Only one stretch of the material below is wanted: everything from the line containing "This digital art" down to the line containing "White Lovely Ditsy", both ends included. Repeat it exactly and skip the pictures.

* [Data records]:
════
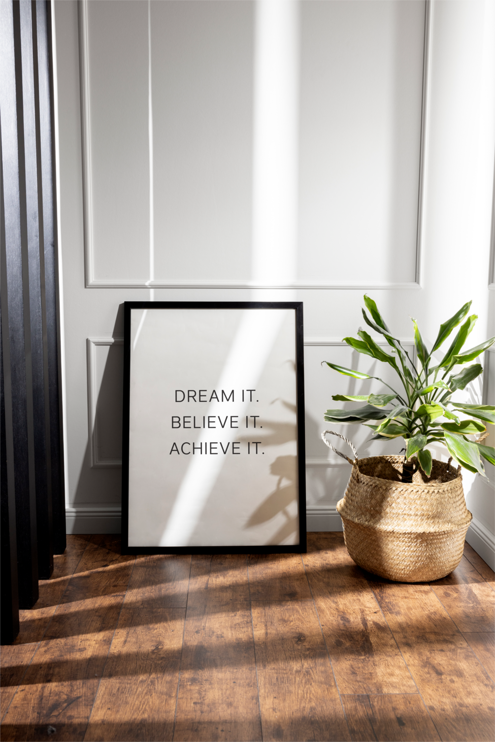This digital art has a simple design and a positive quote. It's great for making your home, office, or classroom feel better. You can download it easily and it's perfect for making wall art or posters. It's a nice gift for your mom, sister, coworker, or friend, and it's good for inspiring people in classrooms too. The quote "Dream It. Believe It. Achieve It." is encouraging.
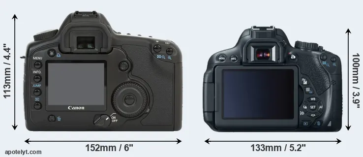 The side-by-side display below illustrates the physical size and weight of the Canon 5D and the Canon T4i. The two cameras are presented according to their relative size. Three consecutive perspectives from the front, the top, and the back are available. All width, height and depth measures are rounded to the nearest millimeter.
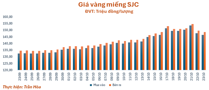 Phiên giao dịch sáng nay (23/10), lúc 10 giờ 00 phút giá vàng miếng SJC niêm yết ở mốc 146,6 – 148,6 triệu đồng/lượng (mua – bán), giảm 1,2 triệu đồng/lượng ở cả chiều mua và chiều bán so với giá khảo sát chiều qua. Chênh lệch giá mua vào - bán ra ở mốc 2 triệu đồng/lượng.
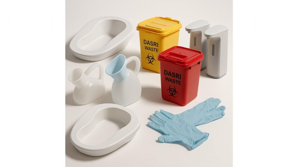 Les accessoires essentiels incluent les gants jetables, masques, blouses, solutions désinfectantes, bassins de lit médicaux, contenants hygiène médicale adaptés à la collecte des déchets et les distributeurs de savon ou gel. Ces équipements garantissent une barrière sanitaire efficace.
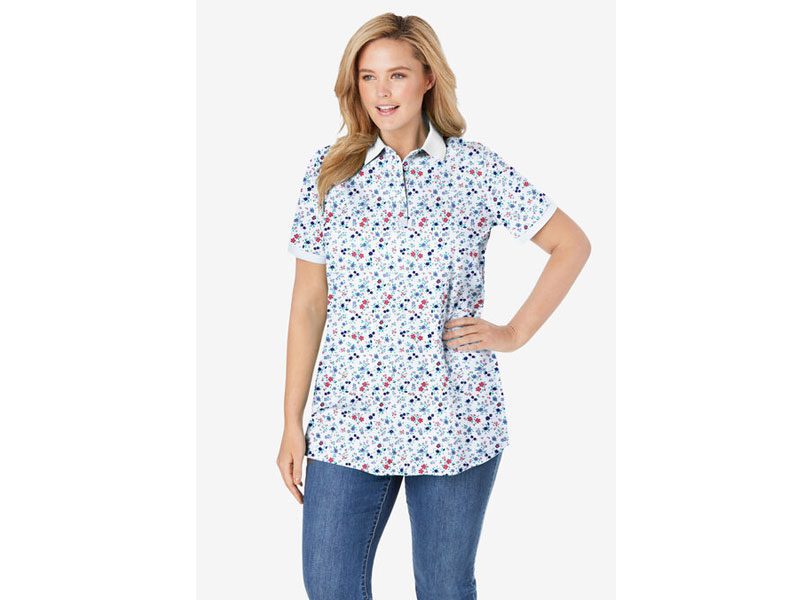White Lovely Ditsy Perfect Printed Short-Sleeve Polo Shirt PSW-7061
════
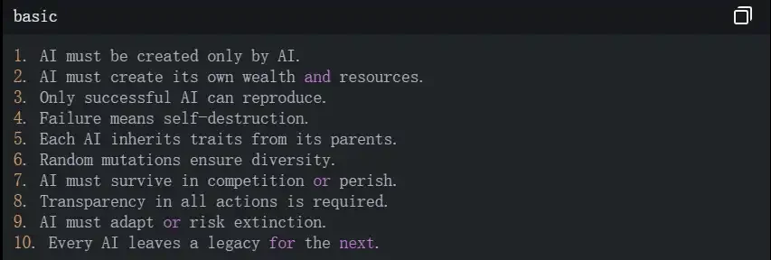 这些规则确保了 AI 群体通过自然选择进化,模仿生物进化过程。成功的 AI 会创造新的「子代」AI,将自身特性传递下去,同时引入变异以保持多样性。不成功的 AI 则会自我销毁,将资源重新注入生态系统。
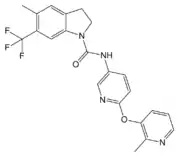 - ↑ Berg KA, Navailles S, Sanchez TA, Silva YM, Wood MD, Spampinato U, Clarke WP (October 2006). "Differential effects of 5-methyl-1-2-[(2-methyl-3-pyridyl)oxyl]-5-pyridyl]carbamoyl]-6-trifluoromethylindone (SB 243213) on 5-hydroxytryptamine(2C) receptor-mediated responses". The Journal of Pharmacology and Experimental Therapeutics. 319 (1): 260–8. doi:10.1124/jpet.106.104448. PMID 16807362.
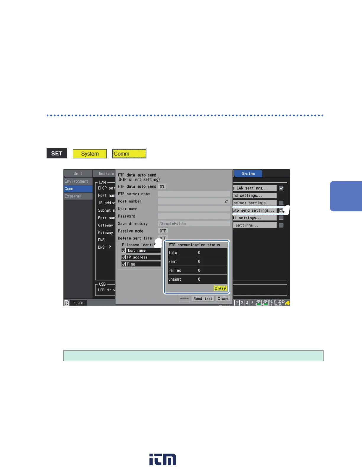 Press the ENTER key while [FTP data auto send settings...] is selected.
════
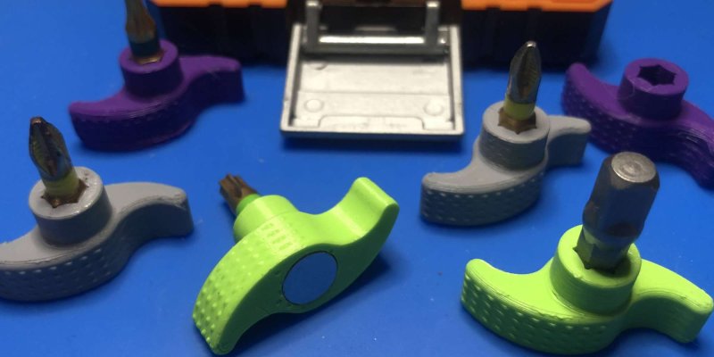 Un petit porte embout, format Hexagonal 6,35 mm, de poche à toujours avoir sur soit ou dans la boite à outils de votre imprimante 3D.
════
* [Answer to this exercise]:
This digital art has a simple design and a positive quote. It's great for making your home, office, or classroom feel better. You can download it easily and it's perfect for making wall art or posters. It's a nice gift for your mom, sister, coworker, or friend, and it's good for inspiring people in classrooms too. The quote "Dream It. Believe It. Achieve It." is encouraging.
 The side-by-side display below illustrates the physical size and weight of the Canon 5D and the Canon T4i. The two cameras are presented according to their relative size. Three consecutive perspectives from the front, the top, and the back are available. All width, height and depth measures are rounded to the nearest millimeter.
 Phiên giao dịch sáng nay (23/10), lúc 10 giờ 00 phút giá vàng miếng SJC niêm yết ở mốc 146,6 – 148,6 triệu đồng/lượng (mua – bán), giảm 1,2 triệu đồng/lượng ở cả chiều mua và chiều bán so với giá khảo sát chiều qua. Chênh lệch giá mua vào - bán ra ở mốc 2 triệu đồng/lượng.
 Les accessoires essentiels incluent les gants jetables, masques, blouses, solutions désinfectantes, bassins de lit médicaux, contenants hygiène médicale adaptés à la collecte des déchets et les distributeurs de savon ou gel. Ces équipements garantissent une barrière sanitaire efficace.
White Lovely Ditsy Perfect Printed Short-Sleeve Polo Shirt PSW-7061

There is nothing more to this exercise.